Reforma a la salud: Los patines otra vez

Alejandra Candia -La ministra de Salud entregó los principales lineamientos de la reforma que impulsará. El paralelo con la metáfora de los patines utilizada por el ex ministro Eyzaguirre resulta inevitable. Una vez más estamos frente a un sector con grandes deficiencias en el sistema público: listas de espera, deuda hospitalaria, falta de especialistas, incapacidad de ejecución de la inversión, etc. Y una vez más también, a pesar de este negativo diagnóstico que afecta a más del 80% de la población, el gobierno centra su atención en reformar (“quitarle los patines”) al sector privado. Lamentablemente, al igual que en educación, con esta reforma todos podríamos quedar peor que antes.

La reforma busca eliminar el problema de comparar planes creando un plan único en salud, el cual en el caso de los privados se financiaría con su cotización. Mientras más prestaciones incluya este plan, más caro será, y en consecuencia, menor será el porcentaje de afiliados de isapre que podrá pagarlo. Menor aún, si además a la cotización se le extraerá una “tajada” para financiar el fondo mancomunado que se propone como componente “solidario” de la reforma. Este recorte (que aún no sabemos qué financiaría, pero que incluso podría ser creciente en el tiempo) no es sino un impuesto inexistente en el caso de Fonasa, puesto que en este caso la cotización se ve complementada con aporte fiscal en caso de no alcanzar para cubrir las prestaciones.

En suma, con la reforma los beneficiarios de isapre tendrían menos recursos para financiar un plan y  se podrían ver forzados a irse a Fonasa, desmejorando no sólo su situación actual, sino que la del ya colapsado sector público. Estimaciones utilizando Casen muestran que hoy hay más de 660 mil personas que aún perteneciendo a los tres primeros quintiles de la población decidieron voluntariamente escapar de las colas y afiliarse a una isapre. Ellos podrían ser los primeros perjudicados.
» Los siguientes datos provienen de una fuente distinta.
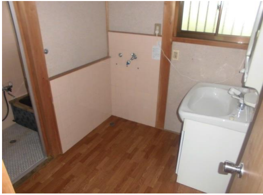
脱衣所(洗濯機置き場)
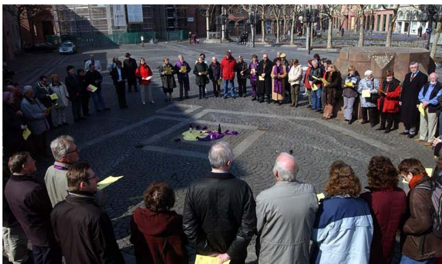
Wir sind Kirche- Gottesdienst vor dem Mainzer Dom im Frühjahr 2004

Die frühe Kirche war keine Zwei-Stände-Kirche. Petrus spricht vom „königlichen Priestertum“ aller Gläubigen (1 Petr 2,5). Alle sollen mit ihren Begabungen und Charismen der Gemeinde dienen und sich „gegenseitig ermahnen“ (Röm 15,14).
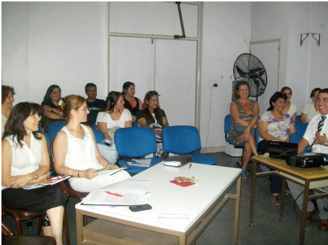
Docentes y alumnos de la carrera de Lic. Enfermería presenciaron las defensas de tesis
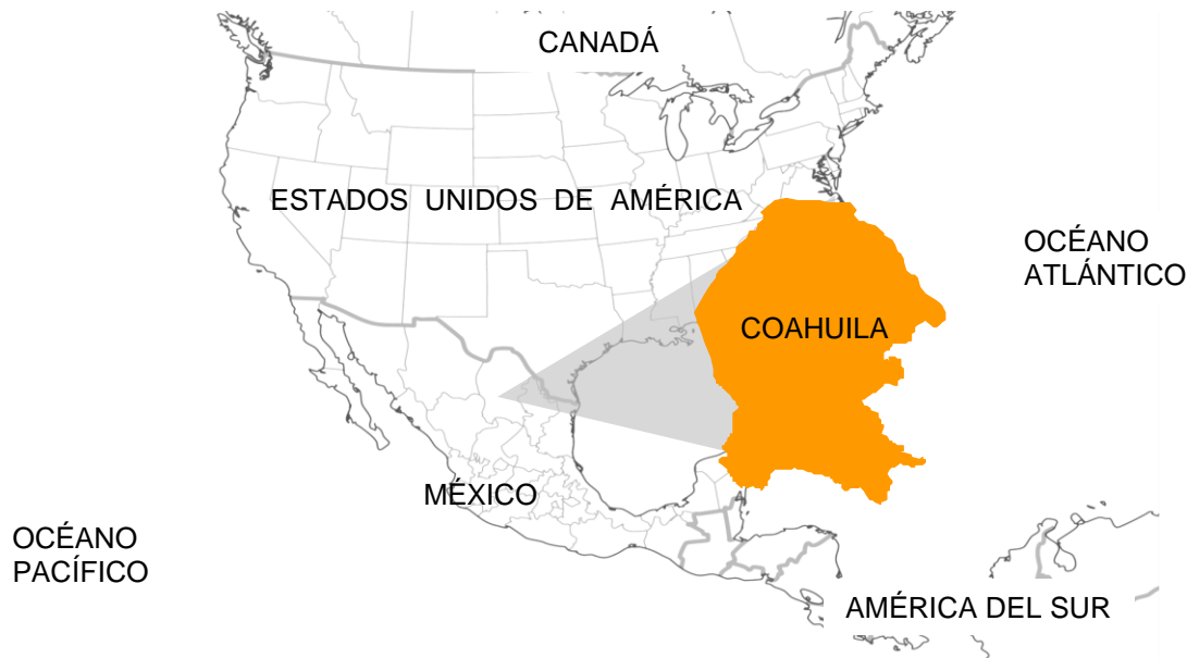
Mapa 1. Ubicación de Coahuila de Zaragoza en Norteamérica.

de México y comparte una frontera de 512 kilómetros con el estado norteamericano de Texas. En México, colinda con los estados de Chihuahua, Durango, Zacatecas, San Luis Potosí y Nuevo León.
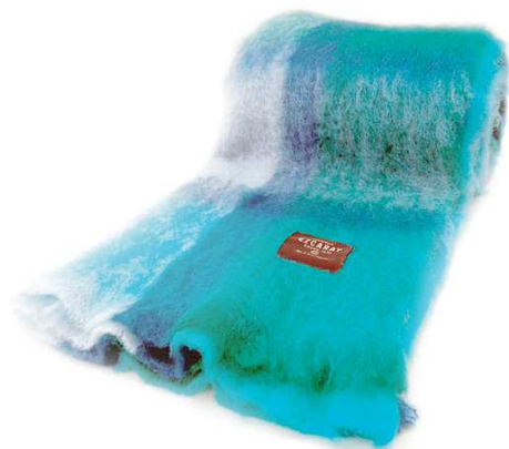
No.960-b Mohair check ブランケット 青
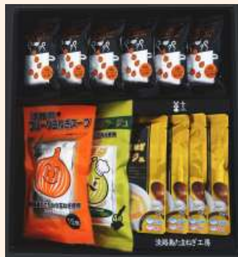
フルーツ玉ねぎスープセットB
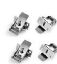
KLIPS Z LINKĄ/ FASTENING SPRINGS
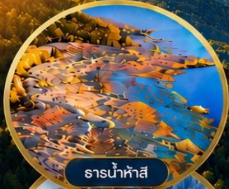
ธารน้ำห้ำสี่
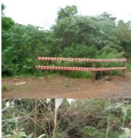
Pontos de esgoto a céu aberto que deságuam no rio Lajeado Perai, sem tratamento
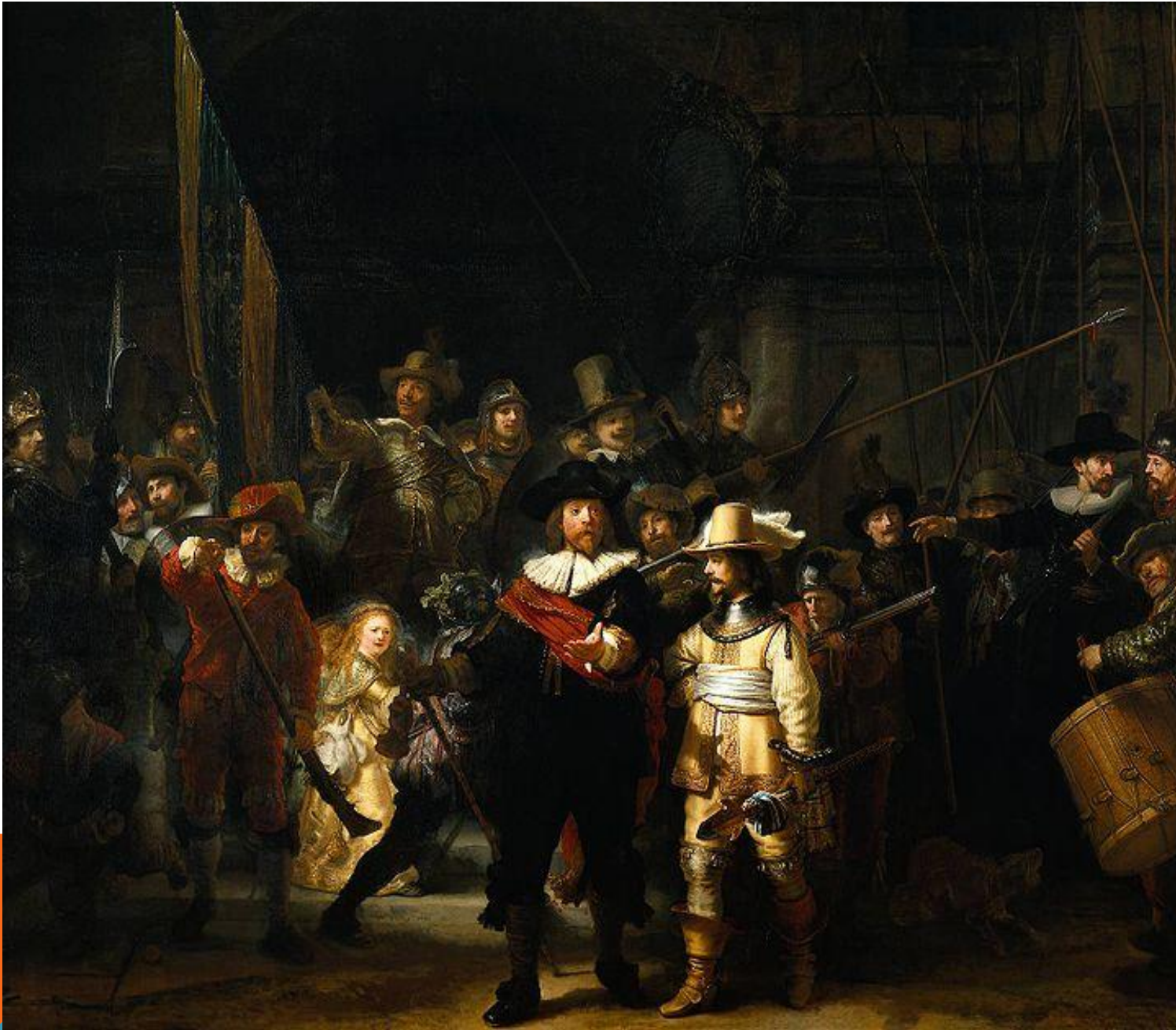
Рембрандт. "Нічна варта"

Por otra parte, existe consenso técnico en que podría crearse un fondo de compensación por riesgos interisapres para avanzar respecto de las preexistencias. Sin embargo, el gobierno propone terminar de golpe con la declaración de salud. Avanzar en esta línea sin corregir los problemas de oportunidad del sector público incentivaría a los asegurados por Fonasa a irse a las isapres a buscar las soluciones que el aparato estatal no les da, lo cual afectaría la calidad del sector privado, incluso pudiendo llevarlo a su desaparición.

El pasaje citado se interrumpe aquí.